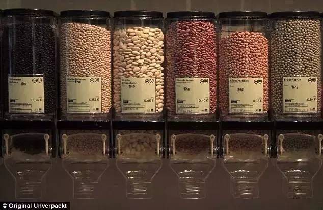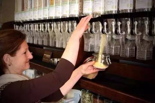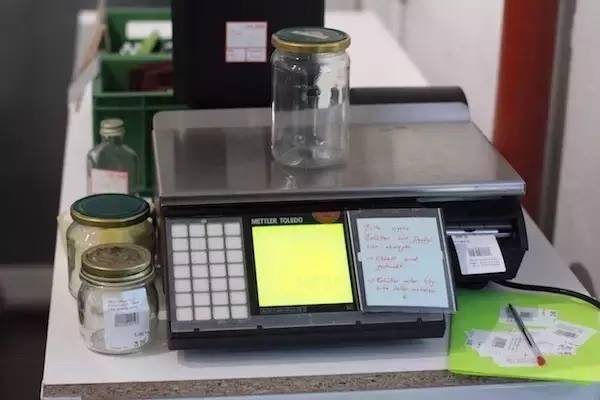 这家超市里不出售任何一次性的盒子、袋子、罐子或其它容器,只提供散装谷物、饮品等,顾客需要携带自备容器来购物,自备的包装盒先自行称重贴标签,最后结帐时,再将其重量扣除。
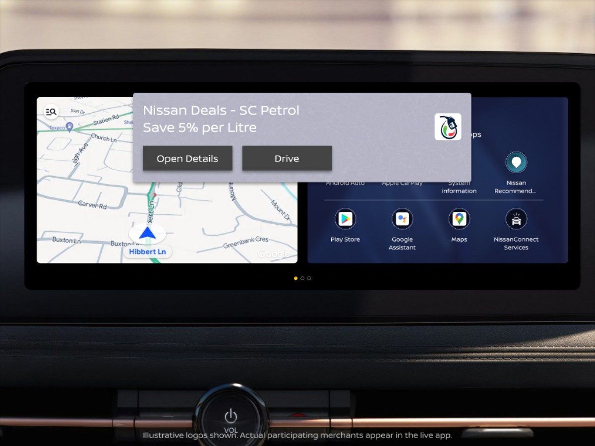 Η εφαρμογή Nissan Deals χρησιμοποιεί καταρχήν δεδομένα του αυτοκινήτου, όπως για παράδειγμα η στάθμη καυσίμου ή το επίπεδο φόρτισης της μπαταρίας, και βρίσκει προσφορές ανάλογα με την τοποθεσία σε πραγματικό χρόνο, τις οποίες μεταφέρει στον οδηγό. Μάλιστα, για λόγους ασφαλείας, αυτές εμφανίζονται μόνο όταν το αυτοκίνητο είναι σταθμευμένο. Ο οδηγός μπορεί να τις δει στην οθόνη του αυτοκινήτου και εν συνεχεία έχει τη δυνατότητα να διαβάσει τις όποιες λεπτομέρειες, να κατευθυνθεί στον προορισμό ή και να εξαργυρώσει την προσφορά μέσω QR code. Επιπλέον, υπάρχει η δυνατότητα αναζήτησης προσφορών ενώ το αυτοκίνητο είναι σταθμευμένο, έτσι ώστε οι οδηγοί να προγραμματίσουν αυτές που τους ενδιαφέρουν εκ των προτέρων. Σημειώστε, πως η εφαρμογή Nissan Deals διατίθεται δωρεάν.
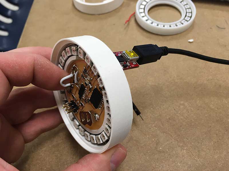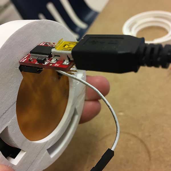 At this stage in the design process, I also started testing the fit with earlier versions of the 3d printed core. I added a flattened edge to the round circuit to better fit the bent FTDI connectors and made the necessary gap in the holder to fit these pins through.
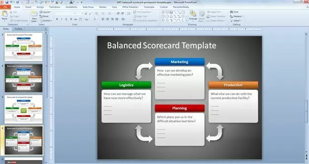 Free Balanced Scorecard PowerPoint Template is a BSC PPT template that you can use for corporate strategy and presentations on business. This free PPT template is compatible with Microsoft PowerPoint 2013 and 2010 but you can also use the Business Balanced Scorecard PPT template in PowerPoint 2007.
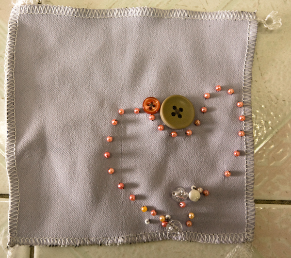 The other day I thought of you – we went to this children’s daycare home for mentally disabled kids. I was helping out in the craft room. The kids were doing a sewing craft. The teacher asked me to teach the girl next to me how to sew a button. She gave me this small square of purple fabric and a few buttons the two of us could choose from. So we started sewing buttons.
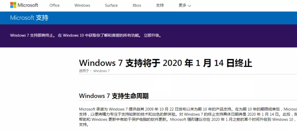 2009年,Windows 7(以下简称Win7)正式发布,因其对硬件配置的要求并不高,成为当时众多主流机型的选择。一晃眼,十年过去了。 2020年1月14日,Win7将正式退出历史舞台,微软会从这一天起停止对该系统的维护服务。微软在今年3月就正式宣布了这个消息,给足了用户考虑和选择的时间。 微软表示,用户仍可以继续使用运行Win7的电脑,但如果没有持续软件和安全更新,电脑遭受病毒和恶意软件攻击的风险会更大。 事实上,微软此举旨在让更多的用户转投Windows 10(简称Win10)。 丨Win7还能用,就是不再提供支持 近日,微软宣布,将于2020年1月14日起停止对Windows 7的支持,并建议用户更新至Windows 10系统。 在官网一则简短的声明中,微软称:“2020年1月14日之后,微软将不再为安装Windows 7的电脑提供安全升级或支持。立即升级到Windows 10,以保持您的员工的生产力和安全。” 对Win7终止支持后,你的电脑还可以继续工作,但是将不再提供以下内容: 任何问题的技术支持; 软件更新; 安全更新或修复。 微软称,如果没有持续软件和安全更新,电脑遭受病毒和恶意软件攻击的风险会更大。从目前开始,保持安全的最好方式是采用Win10。虽然可以在旧设备上安装Wind10,但这不是建议做法。使用新电脑是体验Wind10的最好方式。 图片来源:微软官网 当前用户如果想要安全地沿用Win7,就需要付费购买安全补丁,专业版每台设备收费50美元(约350元人民币),企业和机构用户可延期三年,补丁价格会逐年递增。 市场调研机构NetMarketShare发布的11月数据显示,目前全球Win10市场份额为53.33%,而Wind7则为26.86%。甚至一些用户仍在使用年迈的Windows XP操作系统(市场份额1.85%)。 图片来源:NetMarketShare Win10系统在2015年7月29日正式上市,在2018年12月,Win10的市场份额才达到39.22%,第一次超过当时占据36.9%的Win7,这时距离Win10发布已经过去了三年多。 丨Win10系统吐槽多 Windows 7是Windows系统中口碑比较好的一个版本。虽然微软早早就在鼓励用户升级至Windows 10系统,但仍然有大量消费者以“难用”为由拒绝升级。 Windows 7的前任版本是Windows Vista,是微软改动最大的Windows系统之一,它奠定了后续Windows系统的基础。然而由于开发日程紧张,Vista在2006年底上市后出现了大量问题。3年后的Windows 7着重改进了Vista出现问题的地方,以稳定和流畅的系统挽回了消费者的心。 在外界看来,Win10尚未完全替代Win7主要因为自身的各种Bug,例如其自动更新次数频繁,且更新还可导致闪存文件丢失等一系列问题。在Win10今年十一月更新的版本中,用户搜索文件会致使文件浏览器的搜索栏无响应,并且无法在搜索窗格中右键单击,这引起了许多人的抱怨。 总而言之,Win10系统的稳定性仍是用户长期诟病的对象,在图像显示和硬件配置等方面的兼容性也有待提升。 今年一月,微软发布消息称,已经对4.1万款软件进行测试,win10不兼容的软件仅有49款,换言之在微软给出的数据中只有0.1%的软件与win10存在兼容性问题。但这并不代表win7的忠实用户会买win10的帐。 在国内,桌面电脑操作系统还是Win7的天下。百度统计流量研究院的最新数据显示,Win7仍然占据了58.5%的份额,接近6成市场,Win10系统份额为21.68%。其次是XP系统,份额为6.73%。 图片来源:百度统计流量研究院 值得注意的是,Wind7上市的2009年,智能手机的潮流已经到来,世界也开始了从传统互联网向移动互联网的时代转型,移动设备系统成为了iOS和安卓的天下。Wind10中,可以看到微软让Windows操作系统兼容桌面端和移动端的努力,不过在移动领域,微软依旧任重道远。
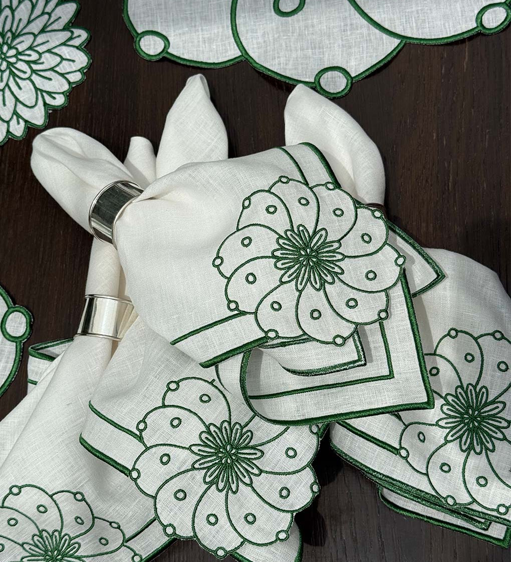 Servilletas Identidad en Lino Blanco con Bordado de Biznaga en Verde. Set de 4
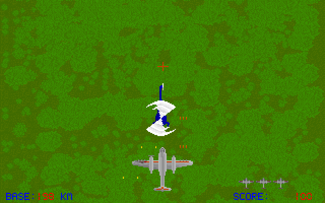Bomber is a vertically scrolling shoot ’em up where the player flies a B-29 bomber and must destroy three heavily guarded enemy bases. On each level the player must make it through enemy lines to the base which is always 200 kilometers away, the remaining distance indicated in the corner of the screen. The plane can move left and right, as well as accelerate and decelerate. The bomber is equipped with two types of weapons: a cannon to destroy aircraft, and bombs to destroy ground targets such as bunkers and tanks. A red crosshair indicates the location at which the dropped bomb will explode. The player has three lives, and a bonus life is awarded for every 10,000 points.
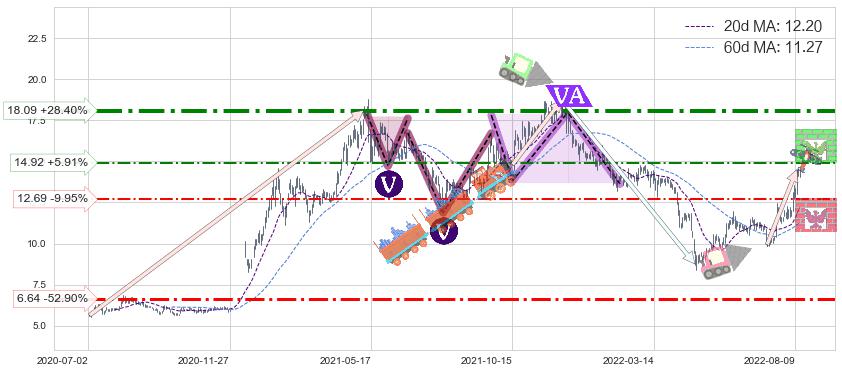 ♘ 阻力价格位14.92,可信任强度48.76%,距离最后交易2022-08-12形成的收盘价格14.09相差 +5.91%
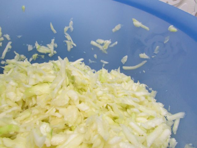 Натереть на крупной терке, посолить и дать постоять 30 минут.
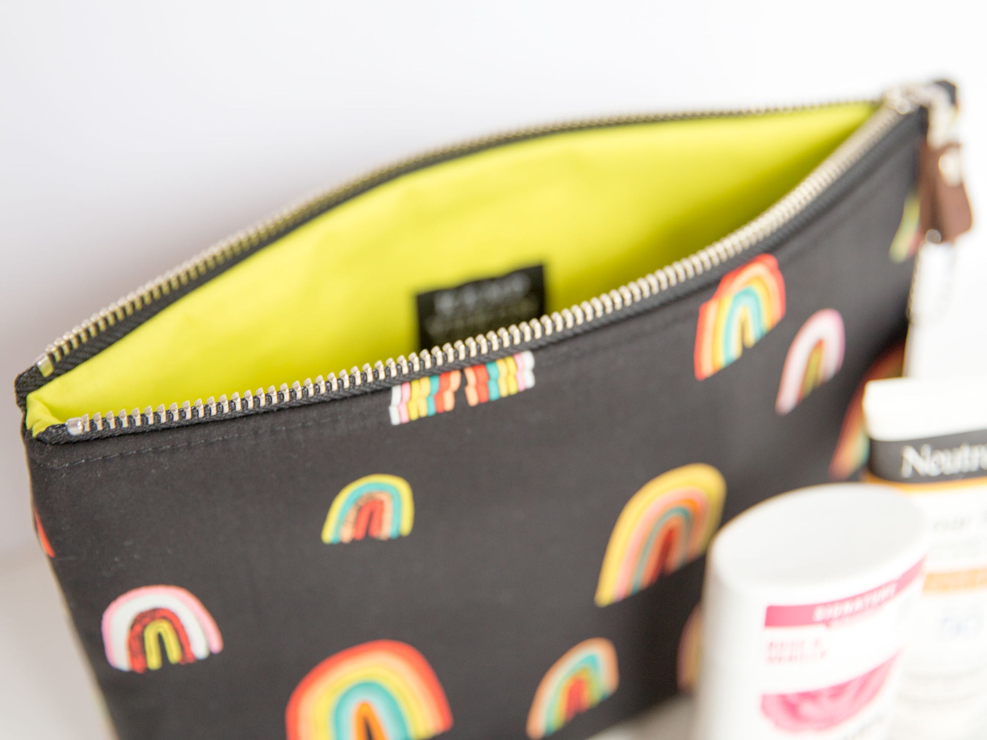 This larger pouch is the perfect for those who need a little extra room for their daily essentials. Store makeup, cosmetics, personal care items, travel items, pencils, notebooks, craft supplies, or even small knitting projects. It’s also a great purse or diaper bag organizer.
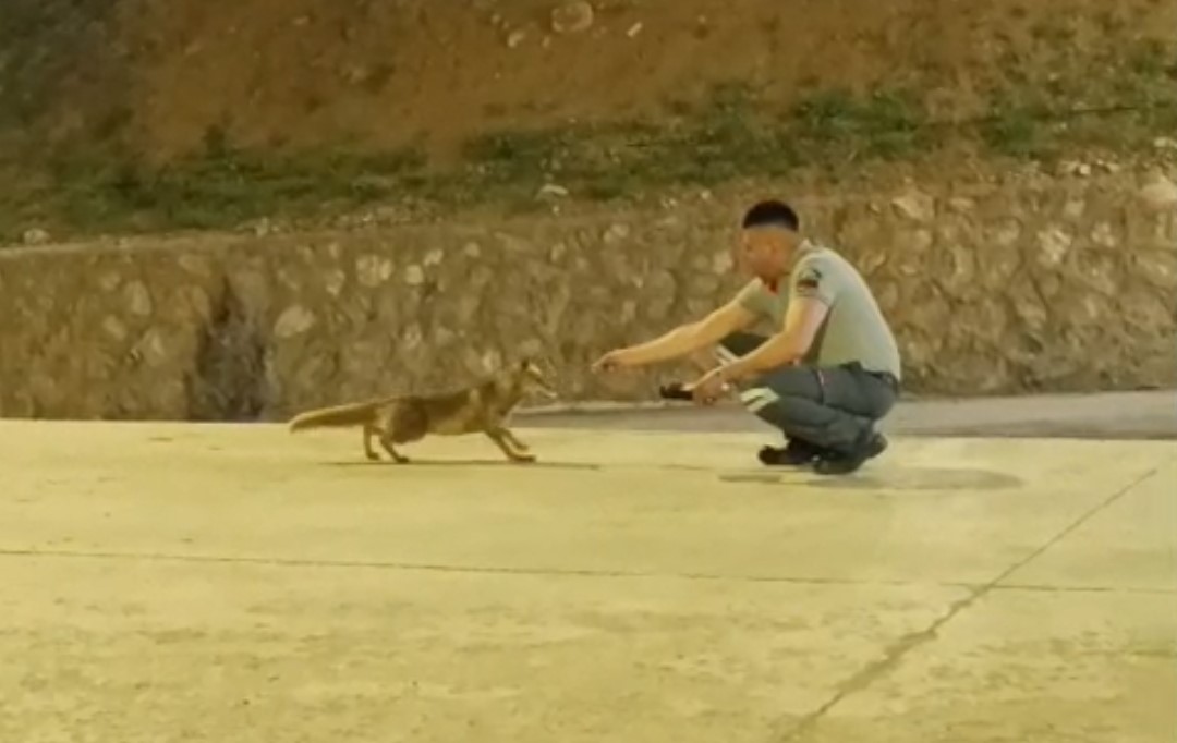 Adana’nın Tufanbeyli ilçesinde özel güvenlik görevlisi yanına gelen tilkiyi kendi eliyle besliyor

────────────────────────────────────────

What to work on. Working from the records above, set down word for word everything from the line containing "At this stage" down to the line containing "Free Balanced Scorecard", ends included, minus the pictures.

Output of the task.
 At this stage in the design process, I also started testing the fit with earlier versions of the 3d printed core. I added a flattened edge to the round circuit to better fit the bent FTDI connectors and made the necessary gap in the holder to fit these pins through.
 Free Balanced Scorecard PowerPoint Template is a BSC PPT template that you can use for corporate strategy and presentations on business. This free PPT template is compatible with Microsoft PowerPoint 2013 and 2010 but you can also use the Business Balanced Scorecard PPT template in PowerPoint 2007.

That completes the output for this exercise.